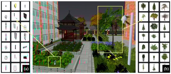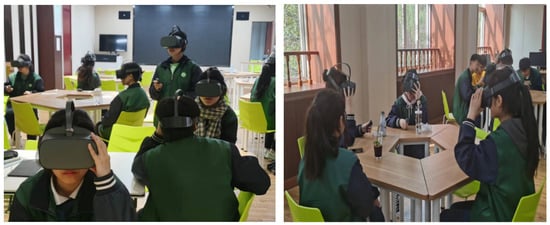 In the courtyard greening plant maintenance and management project, digital twin technology integrates the actual courtyard environment with digital models, enabling digital management and the simulation of plant-growth environments. Initially, students use the digital twin learning platform to practice courtyard landscape design. Subsequently, they select appropriate sensors and plants based on the project’s specific needs and the environmental conditions to be monitored. The system offers a wide range of sensors that measure various parameters, such as soil moisture, temperature, humidity, and light intensity. For sensor selection (Figure 13a), students can browse a library containing detailed specifications and usage scenarios. For instance, if a student is researching the impact of soil moisture on plant growth, they can choose soil moisture sensors with varying sensitivities and ranges. For plant selection (Figure 13b), the system provides a comprehensive database of plants, detailing their growth requirements, optimal environmental conditions, and potential challenges. Students can select suitable plants according to project goals and simulate their growth under different conditions. These sensors are connected to the digital twin system, allowing students to monitor plant-growth conditions and environmental factors in real time and receive immediate maintenance guidance and optimization suggestions. Throughout the process, students learn about plant-growth characteristics, pest and disease control, and fertilization and irrigation techniques and participate in actual maintenance work. Additionally, the digital twin technology offers teachers the ability to track students’ practical operations and learning progress in real time, enabling them to provide personalized guidance and support. By leveraging digital twin technology, students can evaluate and compare the feasibility of different design schemes, helping them consider and optimize plant-maintenance management strategies from various perspectives. Meanwhile, the system incorporates virtual reality (VR) technology, allowing students to immerse themselves in the plant-growth environment (Figure 14). With VR equipment, students can virtually “walk” through their designed landscapes, observing the plants’ responses to different environmental conditions in real time. This immersive experience helps students gain a deeper understanding of the plant’s lifecycle and the impact of various factors on their growth. VR technology also enhances the learning experience by providing a realistic and engaging way to visualize complex concepts.
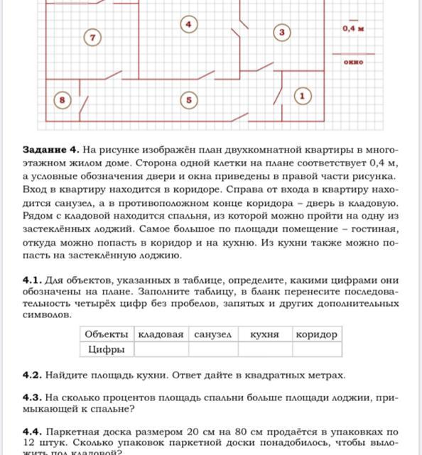 Паркетная доска размером 20 см на 80 см продается в упаковках по 12 штук. Сколько упаковок паркетной доски понадобилось, чтобы выложить пол в кладовой(8)?
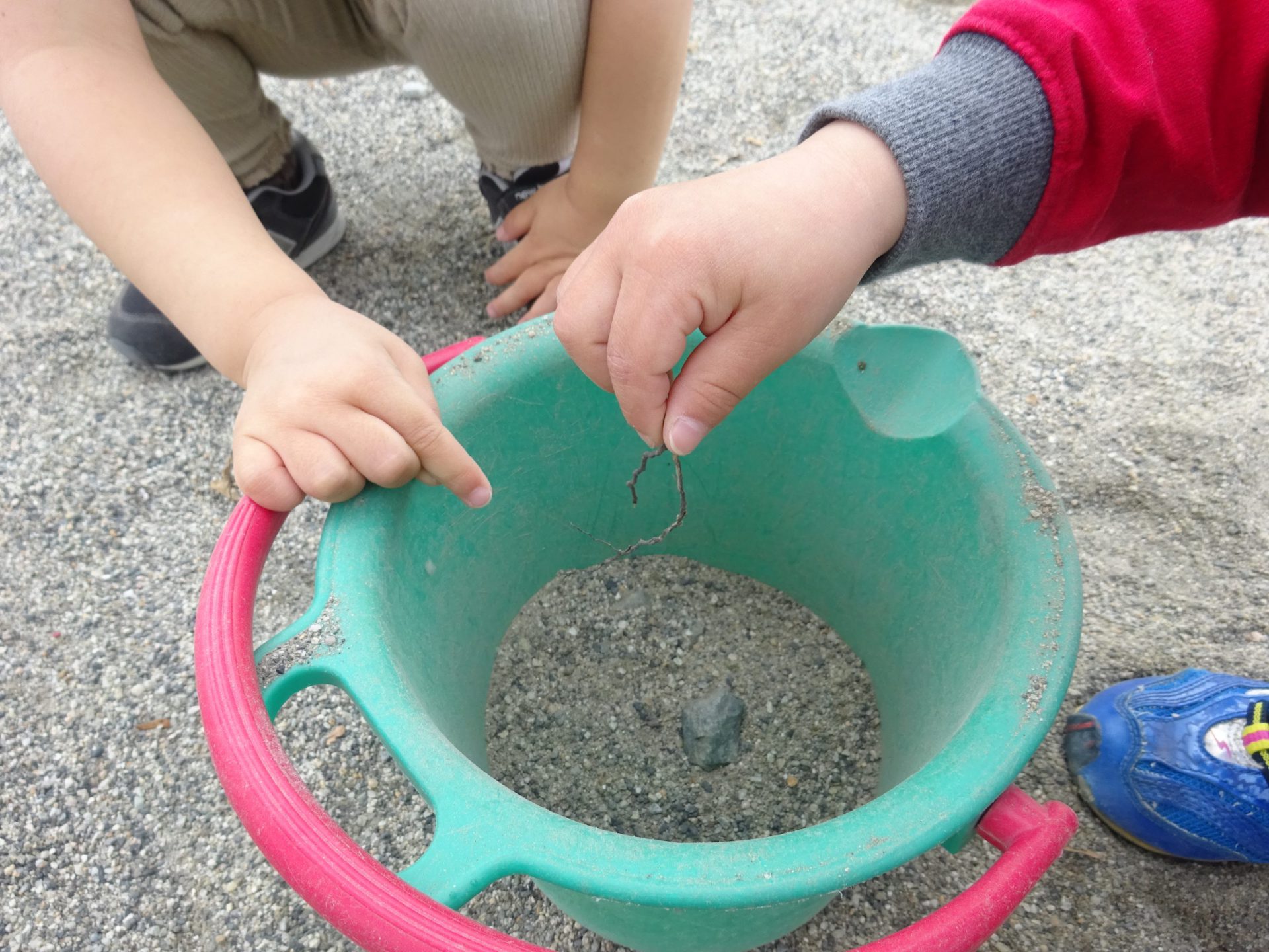 しばらくバケツの中を見つめる子ども達。
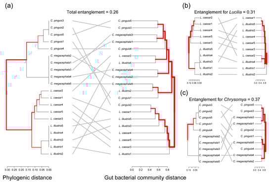 Examination of correlation between phylogenetic distances among fly species and gut bacterial community distances. (a) Combined analysis for Lucilia and Chrysomya. (b) Analysis specific to Lucilia. (c) Analysis for Chrysomya. The red, bold lines indicate groups of species that are consistently clustered in both dendrograms, suggesting a strong correlation between their phylogenetic relationships and gut bacterial community compositions.
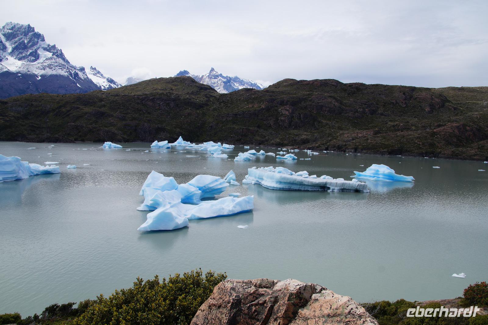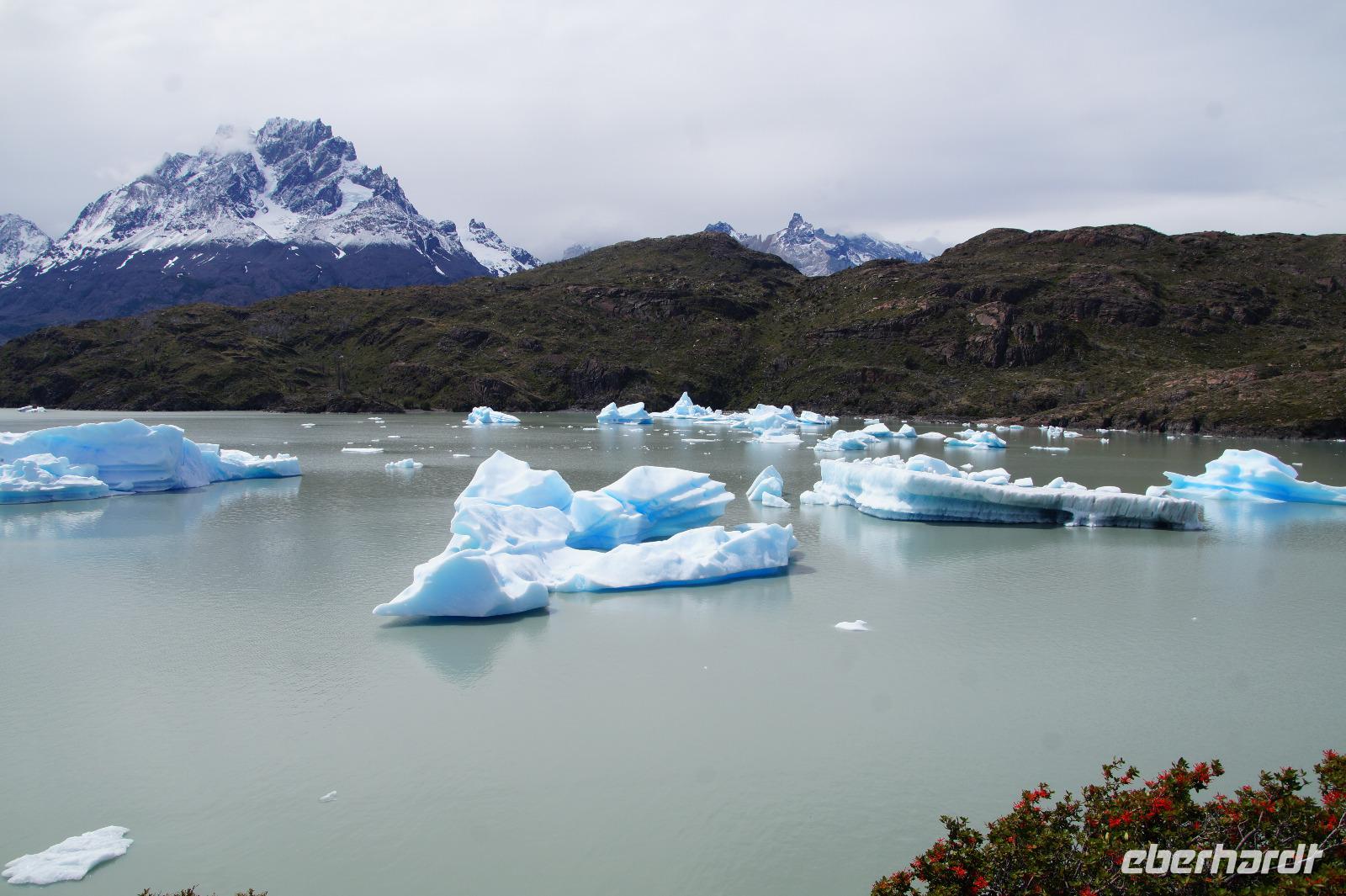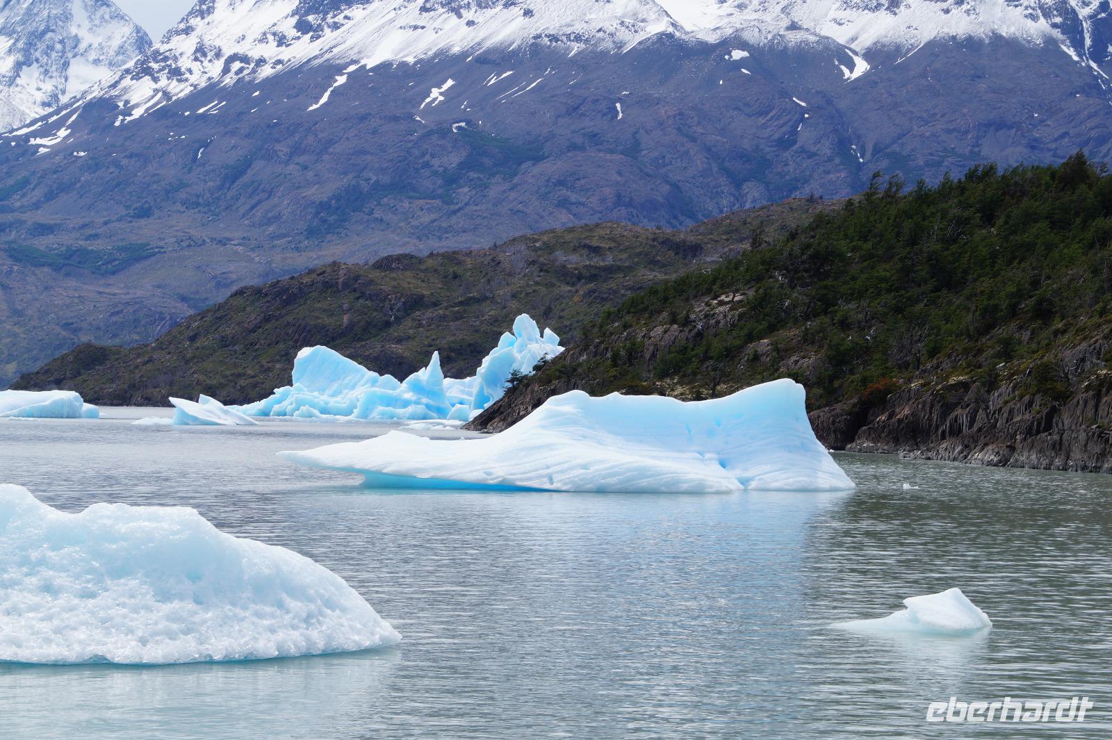 Wir fuhren nun zur Gletscherlagune des Grey-Gletschers, ich fand, dass die Farbe des Wassers der Lagune zum Namen des Sees passte, wenn der Gletscher und seine Lagune auch nicht daher ihren Namen hatten.
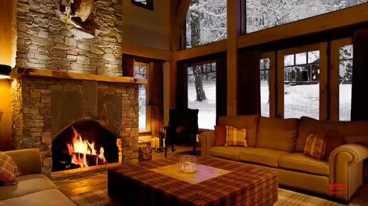 Звук огня в снежный день!
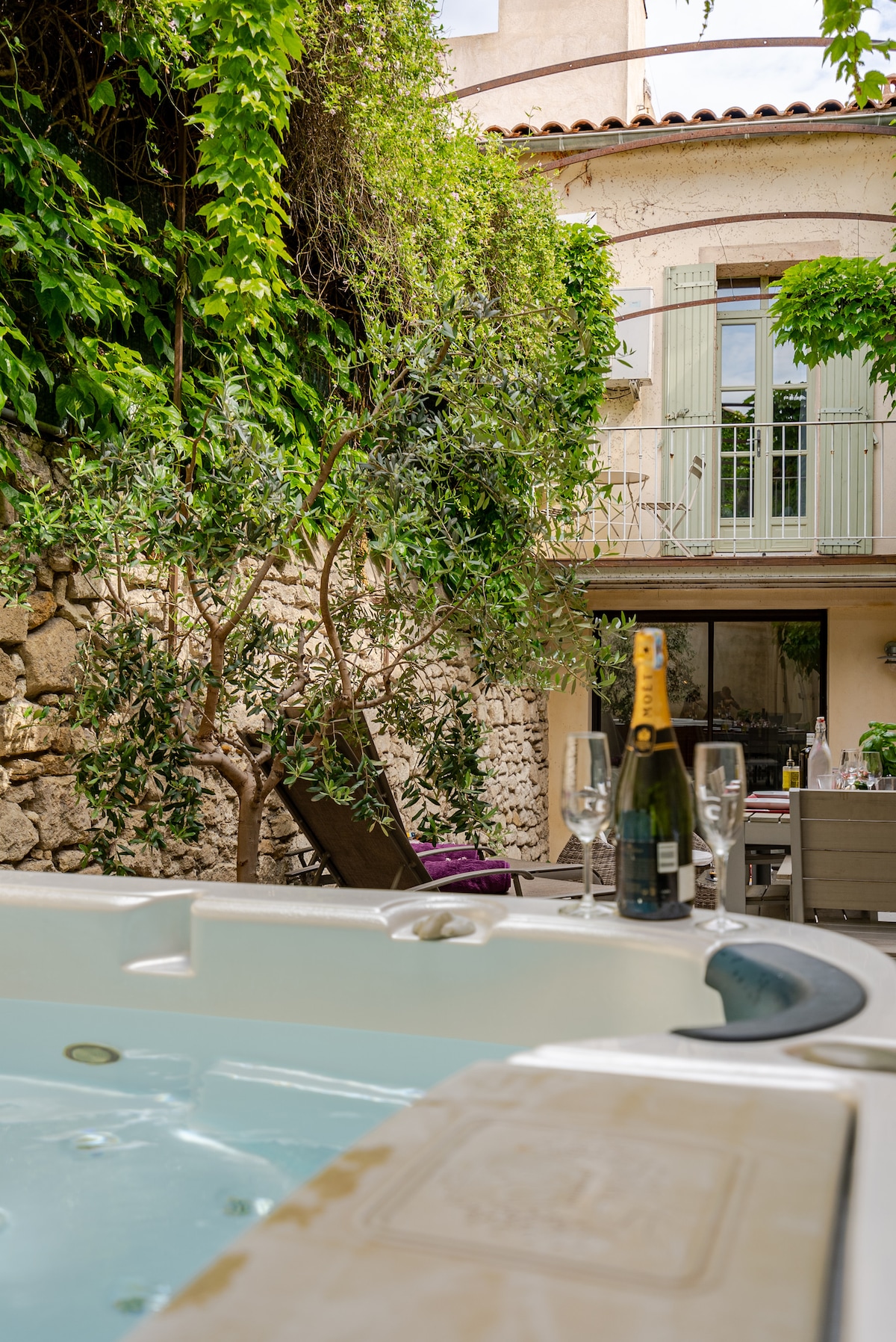 Le Patio Carreterie: Our hidden and lovely 120 sqm air conditioned townhouse is ideally located in the historical district of the city, inside the city's old walls. Its large and secluded patio garden enhanced by a jacuzzi will be the key to your comfort and relaxation during those lovely sunny days or Provençal evenings.

-*-

▸ **WORK TO COMPLETE**: Would you restate the listing word for word and leave every picture out?

▸ **TASK RESULT**:
 In the courtyard greening plant maintenance and management project, digital twin technology integrates the actual courtyard environment with digital models, enabling digital management and the simulation of plant-growth environments. Initially, students use the digital twin learning platform to practice courtyard landscape design. Subsequently, they select appropriate sensors and plants based on the project’s specific needs and the environmental conditions to be monitored. The system offers a wide range of sensors that measure various parameters, such as soil moisture, temperature, humidity, and light intensity. For sensor selection (Figure 13a), students can browse a library containing detailed specifications and usage scenarios. For instance, if a student is researching the impact of soil moisture on plant growth, they can choose soil moisture sensors with varying sensitivities and ranges. For plant selection (Figure 13b), the system provides a comprehensive database of plants, detailing their growth requirements, optimal environmental conditions, and potential challenges. Students can select suitable plants according to project goals and simulate their growth under different conditions. These sensors are connected to the digital twin system, allowing students to monitor plant-growth conditions and environmental factors in real time and receive immediate maintenance guidance and optimization suggestions. Throughout the process, students learn about plant-growth characteristics, pest and disease control, and fertilization and irrigation techniques and participate in actual maintenance work. Additionally, the digital twin technology offers teachers the ability to track students’ practical operations and learning progress in real time, enabling them to provide personalized guidance and support. By leveraging digital twin technology, students can evaluate and compare the feasibility of different design schemes, helping them consider and optimize plant-maintenance management strategies from various perspectives. Meanwhile, the system incorporates virtual reality (VR) technology, allowing students to immerse themselves in the plant-growth environment (Figure 14). With VR equipment, students can virtually “walk” through their designed landscapes, observing the plants’ responses to different environmental conditions in real time. This immersive experience helps students gain a deeper understanding of the plant’s lifecycle and the impact of various factors on their growth. VR technology also enhances the learning experience by providing a realistic and engaging way to visualize complex concepts.
 Паркетная доска размером 20 см на 80 см продается в упаковках по 12 штук. Сколько упаковок паркетной доски понадобилось, чтобы выложить пол в кладовой(8)?
 しばらくバケツの中を見つめる子ども達。
 Examination of correlation between phylogenetic distances among fly species and gut bacterial community distances. (a) Combined analysis for Lucilia and Chrysomya. (b) Analysis specific to Lucilia. (c) Analysis for Chrysomya. The red, bold lines indicate groups of species that are consistently clustered in both dendrograms, suggesting a strong correlation between their phylogenetic relationships and gut bacterial community compositions.
 Wir fuhren nun zur Gletscherlagune des Grey-Gletschers, ich fand, dass die Farbe des Wassers der Lagune zum Namen des Sees passte, wenn der Gletscher und seine Lagune auch nicht daher ihren Namen hatten.
 Звук огня в снежный день!
 Le Patio Carreterie: Our hidden and lovely 120 sqm air conditioned townhouse is ideally located in the historical district of the city, inside the city's old walls. Its large and secluded patio garden enhanced by a jacuzzi will be the key to your comfort and relaxation during those lovely sunny days or Provençal evenings.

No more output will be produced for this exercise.